Required work: For the records shown below, return an exact copy that excludes the pictures.

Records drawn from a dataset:
►

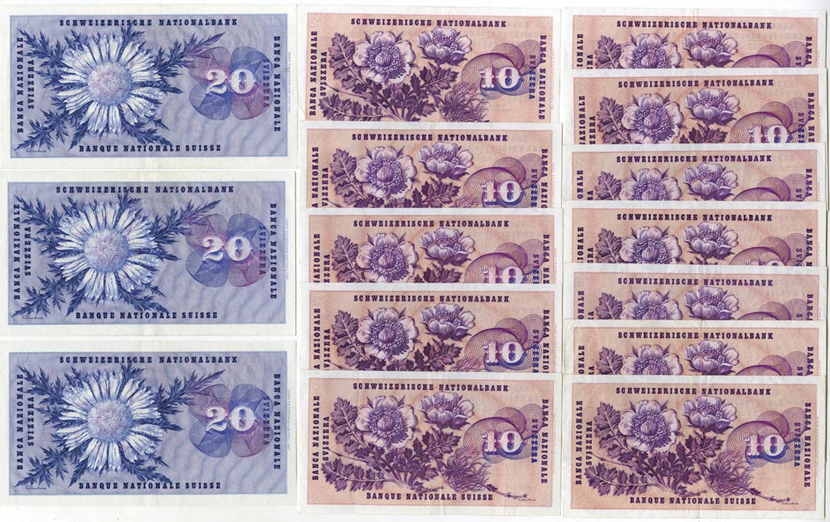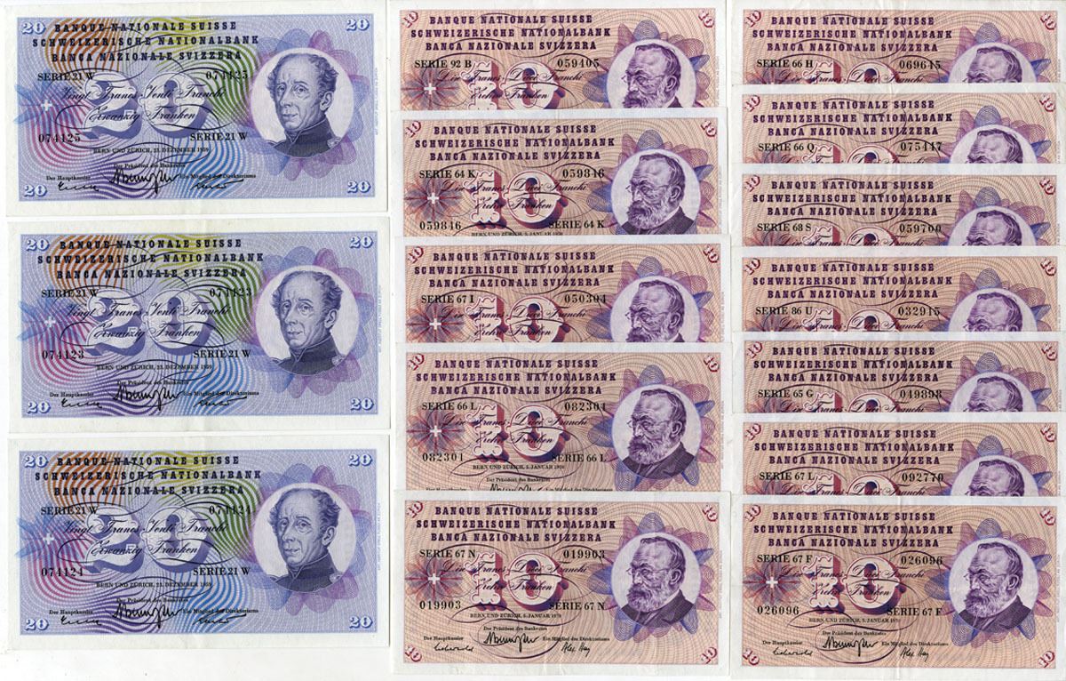 Switzerland, 1959 to 1974. Lot of 15 Issued banknotes, including: 10 Franken, P-45p (10), P-45s (1), and P-45t (1), notes range from VF to AU; and 3 Sequential, 20 Franken, P-46g (3), all 3 in Choice AU condition. Printer: OFZ. (15)
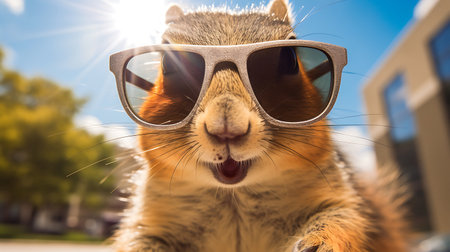 Close-up selfie portrait of a hilarious squirrel wearing sunglasses.
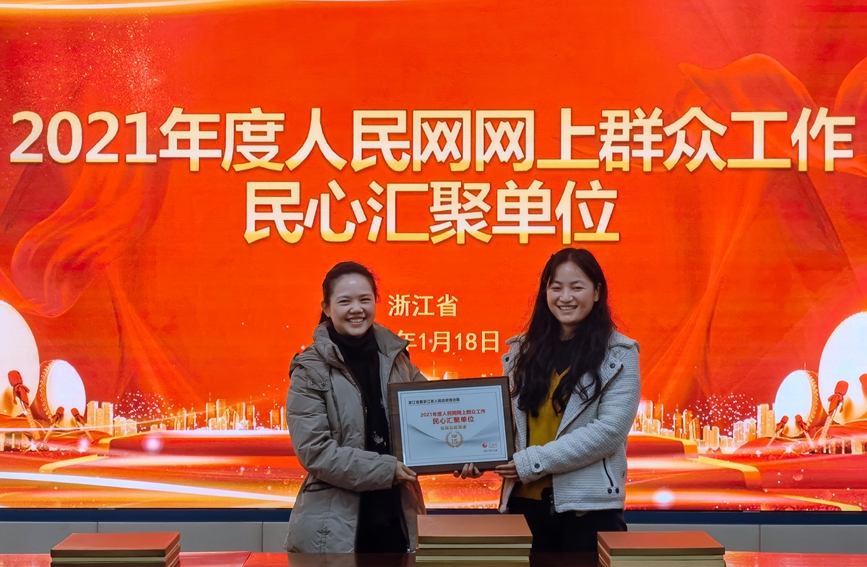 浙江省“2021年度人民網(wǎng)網(wǎng)上群眾工作民心匯聚單位”出爐
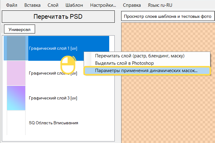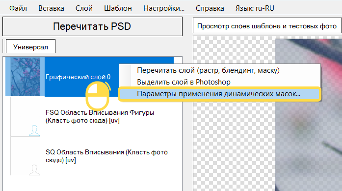 Вернемся в Конструктор шаблонов и нажмем . Применим к графическому слою Фиолетовый динамическую маску (кликнем правой кнопкой мыши по слою Фиолетовый и в выпадающем меню выберем ).
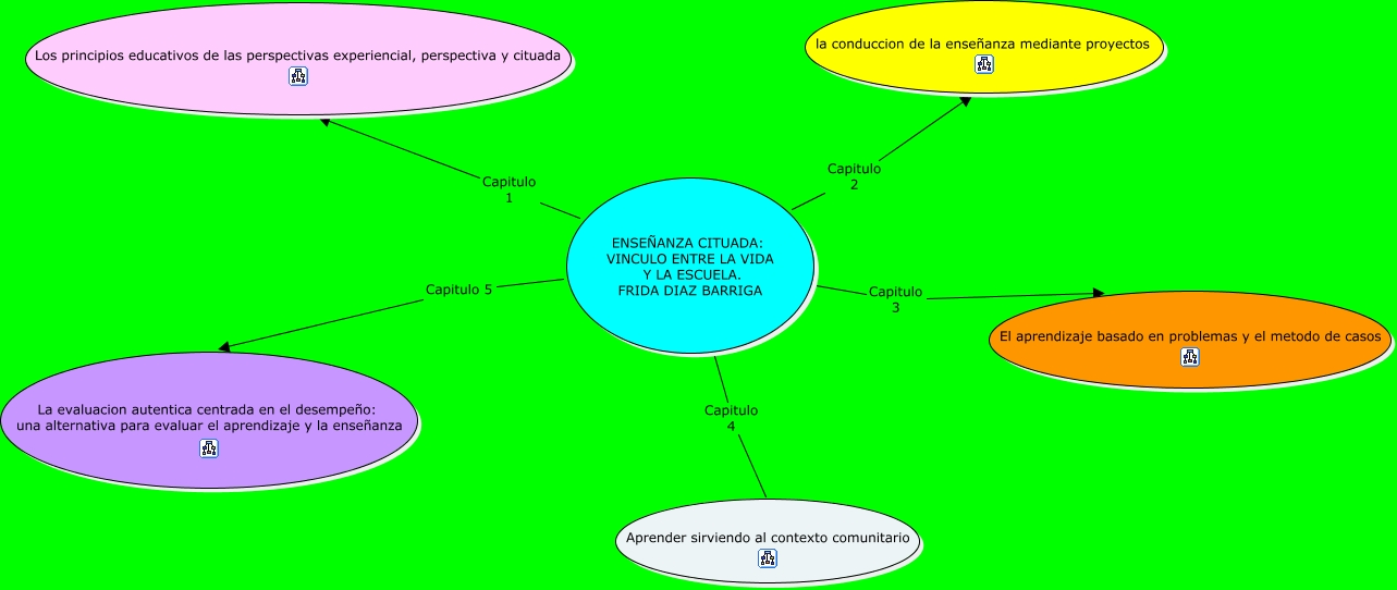 Este Cmap, tiene información relacionada con: hoja 1, ENSEÑANZA CITUADA: VINCULO ENTRE LA VIDA Y LA ESCUELA. FRIDA DIAZ BARRIGA Capitulo 1 Los principios educativos de las perspectivas experiencial, perspectiva y cituada, ENSEÑANZA CITUADA: VINCULO ENTRE LA VIDA Y LA ESCUELA. FRIDA DIAZ BARRIGA Capitulo 2 la conduccion de la enseñanza mediante proyectos, ENSEÑANZA CITUADA: VINCULO ENTRE LA VIDA Y LA ESCUELA. FRIDA DIAZ BARRIGA Capitulo 4 Aprender sirviendo al contexto comunitario, ENSEÑANZA CITUADA: VINCULO ENTRE LA VIDA Y LA ESCUELA. FRIDA DIAZ BARRIGA Capitulo 3 El aprendizaje basado en problemas y el metodo de casos, ENSEÑANZA CITUADA: VINCULO ENTRE LA VIDA Y LA ESCUELA. FRIDA DIAZ BARRIGA Capitulo 5 La evaluacion autentica centrada en el desempeño: una alternativa para evaluar el aprendizaje y la enseñanza
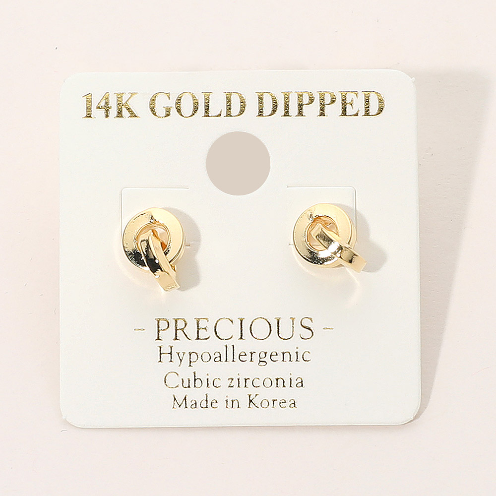 Details • Size : 0.25" X 0.4" • Post Back • Finish your look with these knot stud earrings featuring a smooth, sculptural design for understated elegance. Lightweight and comfortable for daily wear, they complement both casual outfits and polished ensembles, making them a versatile accessory choice or thoughtful gift for effortless, modern style. • Gold Dipped • Hypoallergenic • Made In Korea
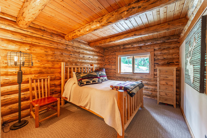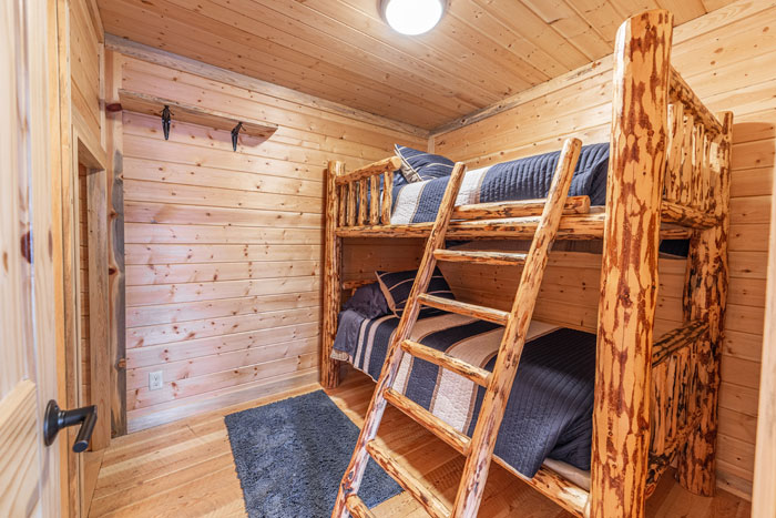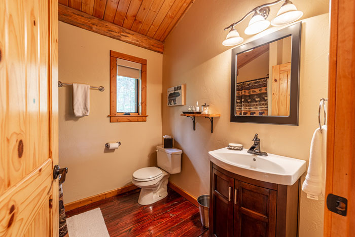 The Doll House cabin offers a fun Western feel with beautiful lake and mountain views. The cabin has two bedrooms, one with a queen bed and the other with single bunk beds, as well as a sleeper sofa in the living room. The cabin is equipped with air conditioning and accommodates up to six guests.
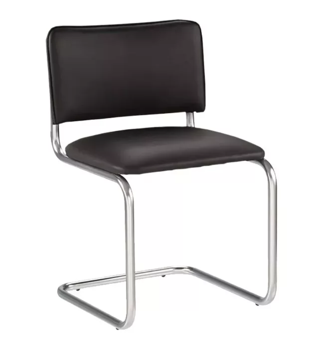 Удобный офисный стул "Sylwia Chrome" отличается сдержанным дизайном. Слегка пружинящая металлическая основа обеспечивает комфорт сидящего. Пластиковые опорные кольца на полозьях предотвращают скольжение и защищают напольное покрытие. Обивка выполнена из искусственной кожи - высококачественного материала, характеризующегося устойчивостью к износу.
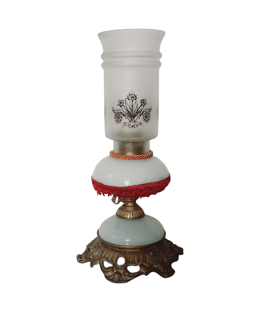 Lume a petrolio in vetro lattimo e metallo con decorazioni e applicazioni di passamanerie h.cm.34

◄

Solution to the problem:
 Switzerland, 1959 to 1974. Lot of 15 Issued banknotes, including: 10 Franken, P-45p (10), P-45s (1), and P-45t (1), notes range from VF to AU; and 3 Sequential, 20 Franken, P-46g (3), all 3 in Choice AU condition. Printer: OFZ. (15)
 Close-up selfie portrait of a hilarious squirrel wearing sunglasses.
 浙江省“2021年度人民網(wǎng)網(wǎng)上群眾工作民心匯聚單位”出爐
 Вернемся в Конструктор шаблонов и нажмем . Применим к графическому слою Фиолетовый динамическую маску (кликнем правой кнопкой мыши по слою Фиолетовый и в выпадающем меню выберем ).
 Este Cmap, tiene información relacionada con: hoja 1, ENSEÑANZA CITUADA: VINCULO ENTRE LA VIDA Y LA ESCUELA. FRIDA DIAZ BARRIGA Capitulo 1 Los principios educativos de las perspectivas experiencial, perspectiva y cituada, ENSEÑANZA CITUADA: VINCULO ENTRE LA VIDA Y LA ESCUELA. FRIDA DIAZ BARRIGA Capitulo 2 la conduccion de la enseñanza mediante proyectos, ENSEÑANZA CITUADA: VINCULO ENTRE LA VIDA Y LA ESCUELA. FRIDA DIAZ BARRIGA Capitulo 4 Aprender sirviendo al contexto comunitario, ENSEÑANZA CITUADA: VINCULO ENTRE LA VIDA Y LA ESCUELA. FRIDA DIAZ BARRIGA Capitulo 3 El aprendizaje basado en problemas y el metodo de casos, ENSEÑANZA CITUADA: VINCULO ENTRE LA VIDA Y LA ESCUELA. FRIDA DIAZ BARRIGA Capitulo 5 La evaluacion autentica centrada en el desempeño: una alternativa para evaluar el aprendizaje y la enseñanza
 Details • Size : 0.25" X 0.4" • Post Back • Finish your look with these knot stud earrings featuring a smooth, sculptural design for understated elegance. Lightweight and comfortable for daily wear, they complement both casual outfits and polished ensembles, making them a versatile accessory choice or thoughtful gift for effortless, modern style. • Gold Dipped • Hypoallergenic • Made In Korea
 The Doll House cabin offers a fun Western feel with beautiful lake and mountain views. The cabin has two bedrooms, one with a queen bed and the other with single bunk beds, as well as a sleeper sofa in the living room. The cabin is equipped with air conditioning and accommodates up to six guests.
 Удобный офисный стул "Sylwia Chrome" отличается сдержанным дизайном. Слегка пружинящая металлическая основа обеспечивает комфорт сидящего. Пластиковые опорные кольца на полозьях предотвращают скольжение и защищают напольное покрытие. Обивка выполнена из искусственной кожи - высококачественного материала, характеризующегося устойчивостью к износу.
 Lume a petrolio in vetro lattimo e metallo con decorazioni e applicazioni di passamanerie h.cm.34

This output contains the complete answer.